»»

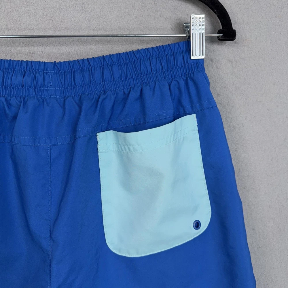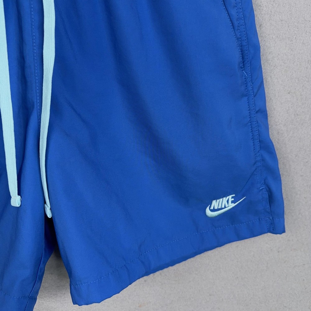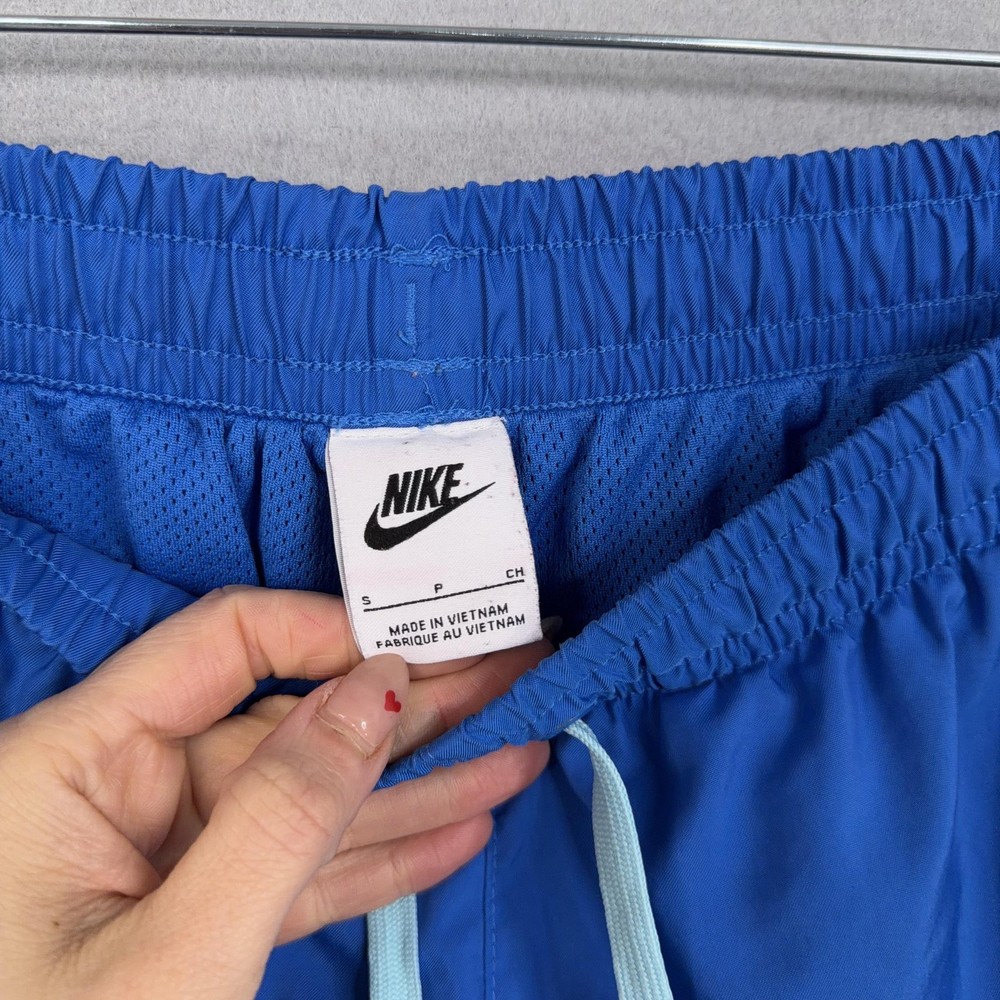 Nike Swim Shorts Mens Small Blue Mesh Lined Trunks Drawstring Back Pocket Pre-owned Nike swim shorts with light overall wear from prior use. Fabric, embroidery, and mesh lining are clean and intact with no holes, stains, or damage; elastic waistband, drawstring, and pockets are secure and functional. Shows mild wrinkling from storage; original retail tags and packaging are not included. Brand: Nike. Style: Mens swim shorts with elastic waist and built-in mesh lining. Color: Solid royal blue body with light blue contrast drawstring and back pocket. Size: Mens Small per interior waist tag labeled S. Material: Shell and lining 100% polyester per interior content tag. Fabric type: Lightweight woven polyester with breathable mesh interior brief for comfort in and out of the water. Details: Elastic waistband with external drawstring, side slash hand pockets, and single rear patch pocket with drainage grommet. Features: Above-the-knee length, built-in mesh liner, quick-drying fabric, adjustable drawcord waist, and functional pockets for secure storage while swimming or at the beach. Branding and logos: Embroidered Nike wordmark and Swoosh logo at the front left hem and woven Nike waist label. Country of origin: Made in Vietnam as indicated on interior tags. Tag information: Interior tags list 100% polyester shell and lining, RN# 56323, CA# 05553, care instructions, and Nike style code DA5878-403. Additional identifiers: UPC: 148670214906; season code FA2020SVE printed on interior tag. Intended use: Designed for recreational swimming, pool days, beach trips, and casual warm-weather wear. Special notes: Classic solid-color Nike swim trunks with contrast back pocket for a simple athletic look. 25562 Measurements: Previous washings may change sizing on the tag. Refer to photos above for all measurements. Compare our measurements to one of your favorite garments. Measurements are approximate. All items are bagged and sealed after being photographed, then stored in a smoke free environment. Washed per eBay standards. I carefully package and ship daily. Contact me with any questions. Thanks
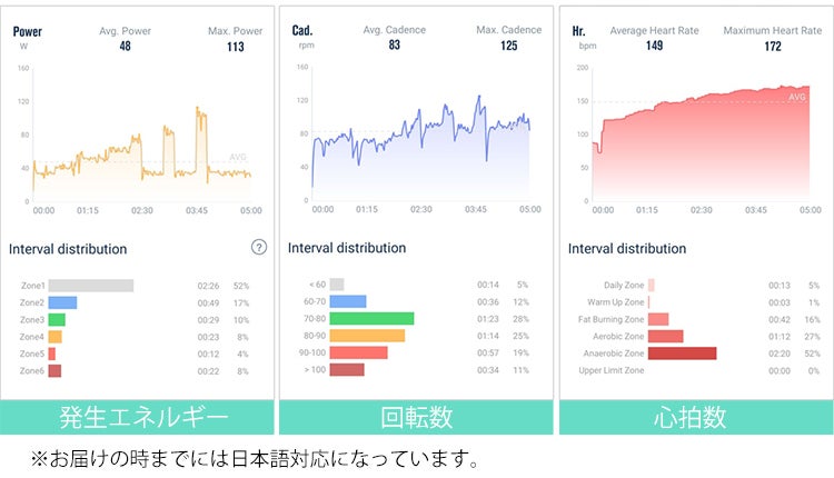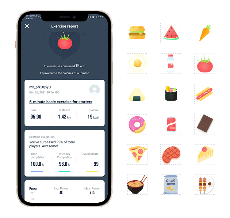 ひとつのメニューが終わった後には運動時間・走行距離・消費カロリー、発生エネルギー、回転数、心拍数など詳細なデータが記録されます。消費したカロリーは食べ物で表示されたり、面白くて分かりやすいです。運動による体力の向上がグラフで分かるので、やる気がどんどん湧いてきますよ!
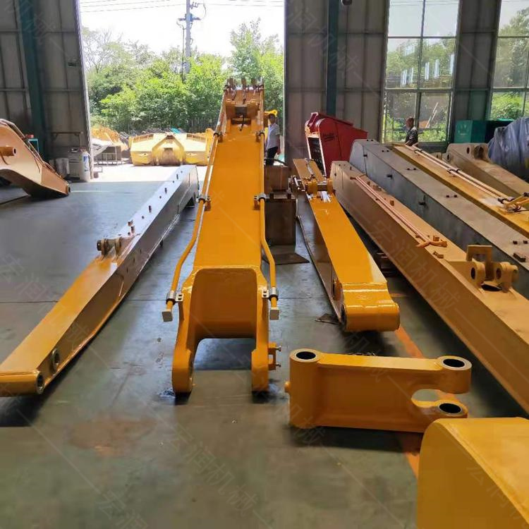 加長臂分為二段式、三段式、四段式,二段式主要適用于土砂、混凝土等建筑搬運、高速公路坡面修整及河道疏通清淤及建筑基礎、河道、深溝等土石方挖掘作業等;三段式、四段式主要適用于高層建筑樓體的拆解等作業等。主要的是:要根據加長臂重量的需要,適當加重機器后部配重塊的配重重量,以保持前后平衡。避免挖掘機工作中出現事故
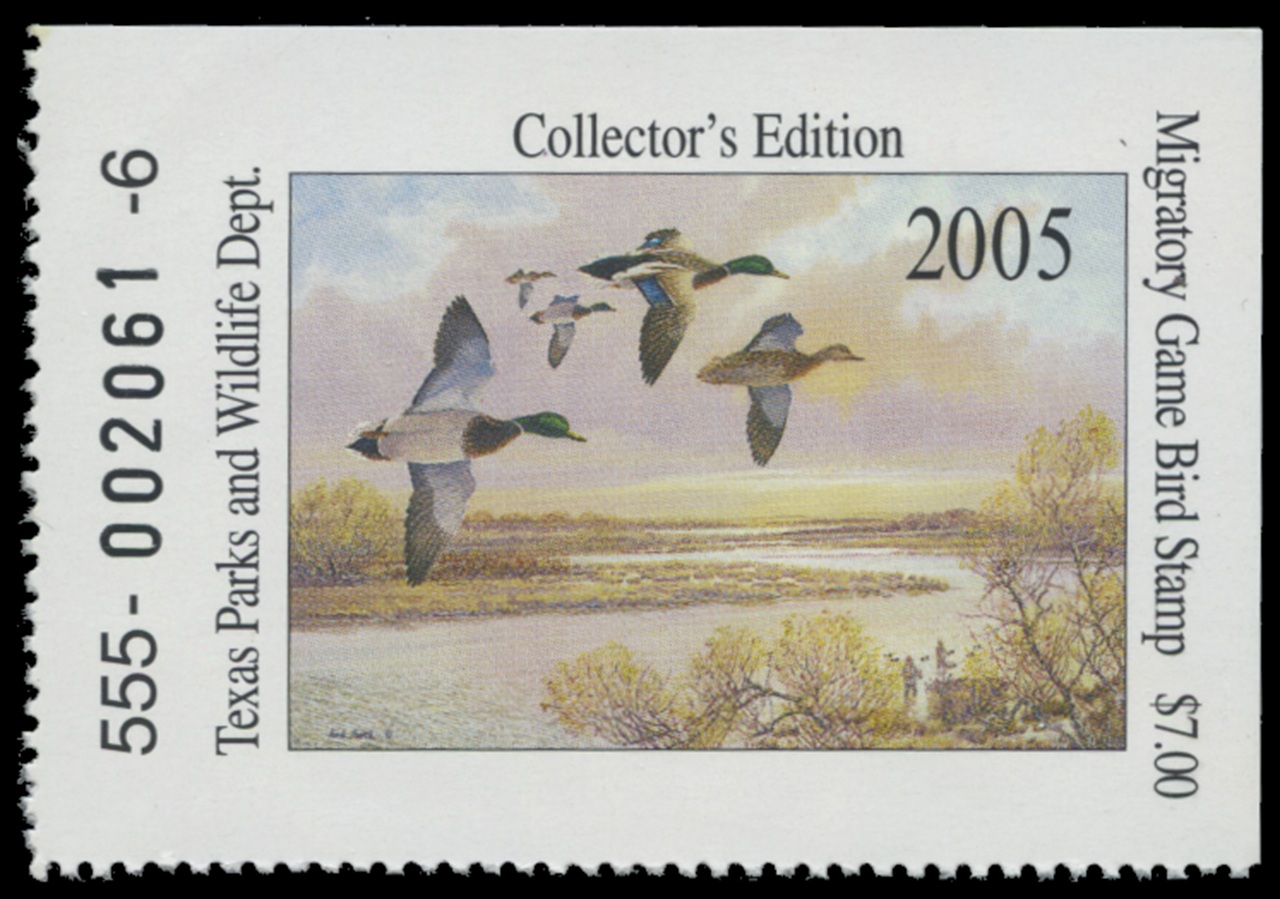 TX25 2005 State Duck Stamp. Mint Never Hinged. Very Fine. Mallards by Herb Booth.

««

When you repeat the data, keep it exact and drop every picture.

 Nike Swim Shorts Mens Small Blue Mesh Lined Trunks Drawstring Back Pocket Pre-owned Nike swim shorts with light overall wear from prior use. Fabric, embroidery, and mesh lining are clean and intact with no holes, stains, or damage; elastic waistband, drawstring, and pockets are secure and functional. Shows mild wrinkling from storage; original retail tags and packaging are not included. Brand: Nike. Style: Mens swim shorts with elastic waist and built-in mesh lining. Color: Solid royal blue body with light blue contrast drawstring and back pocket. Size: Mens Small per interior waist tag labeled S. Material: Shell and lining 100% polyester per interior content tag. Fabric type: Lightweight woven polyester with breathable mesh interior brief for comfort in and out of the water. Details: Elastic waistband with external drawstring, side slash hand pockets, and single rear patch pocket with drainage grommet. Features: Above-the-knee length, built-in mesh liner, quick-drying fabric, adjustable drawcord waist, and functional pockets for secure storage while swimming or at the beach. Branding and logos: Embroidered Nike wordmark and Swoosh logo at the front left hem and woven Nike waist label. Country of origin: Made in Vietnam as indicated on interior tags. Tag information: Interior tags list 100% polyester shell and lining, RN# 56323, CA# 05553, care instructions, and Nike style code DA5878-403. Additional identifiers: UPC: 148670214906; season code FA2020SVE printed on interior tag. Intended use: Designed for recreational swimming, pool days, beach trips, and casual warm-weather wear. Special notes: Classic solid-color Nike swim trunks with contrast back pocket for a simple athletic look. 25562 Measurements: Previous washings may change sizing on the tag. Refer to photos above for all measurements. Compare our measurements to one of your favorite garments. Measurements are approximate. All items are bagged and sealed after being photographed, then stored in a smoke free environment. Washed per eBay standards. I carefully package and ship daily. Contact me with any questions. Thanks
 ひとつのメニューが終わった後には運動時間・走行距離・消費カロリー、発生エネルギー、回転数、心拍数など詳細なデータが記録されます。消費したカロリーは食べ物で表示されたり、面白くて分かりやすいです。運動による体力の向上がグラフで分かるので、やる気がどんどん湧いてきますよ!
 加長臂分為二段式、三段式、四段式,二段式主要適用于土砂、混凝土等建筑搬運、高速公路坡面修整及河道疏通清淤及建筑基礎、河道、深溝等土石方挖掘作業等;三段式、四段式主要適用于高層建筑樓體的拆解等作業等。主要的是:要根據加長臂重量的需要,適當加重機器后部配重塊的配重重量,以保持前后平衡。避免挖掘機工作中出現事故
 TX25 2005 State Duck Stamp. Mint Never Hinged. Very Fine. Mallards by Herb Booth.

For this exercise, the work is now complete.